We are often met with difficult decisions, especially when it comes to the possibility of having to relocate out of the area due to extenuating circumstances. Sometimes one of the biggest factors in this decision is how it would affect a person’s chances in a custody and visitation matter.
Relocation in a custody and visitation cases are difficult in most situations when there is no agreement by the parties. Whether it be modifying a custody and visitation agreement or how it factors into a pending case, there are oftentimes no easy solutions. In terms of relocation, the courts address this issue through the best interests of the child standard, which is decided through an analysis of the ten factors enumerated in section 20-124.3 of the Virginia Code.
Now, if a parent relocates prior to the commencement of a legal action involving custody and visitation, then the question sometimes comes down to how long the moving parent has resided in the new state.

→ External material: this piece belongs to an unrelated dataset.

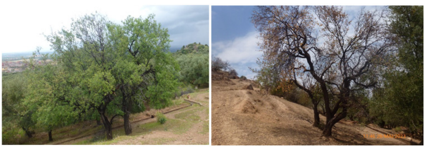
g (22 March 2023)

In Virginia, child custody and visitation jurisdiction is decided under the “home state rule,” which means that Virginia has jurisdiction over a case if the child resided in Virginia for the past six months or if the last consecutive six month period was in Virginia. For example, if a mother moves with her children to California and resided in California for only 3 months before the father files for custody in Virginia, then Virginia would likely have jurisdiction. However, if a mother moves with her children to California and resided in California for 7 months before the father files for custody in Virginia, then Texas would likely have jurisdiction over the case. There are a few exceptions to the “home state rule” including a parent relocating out a state due to abuse to that parent or to the children.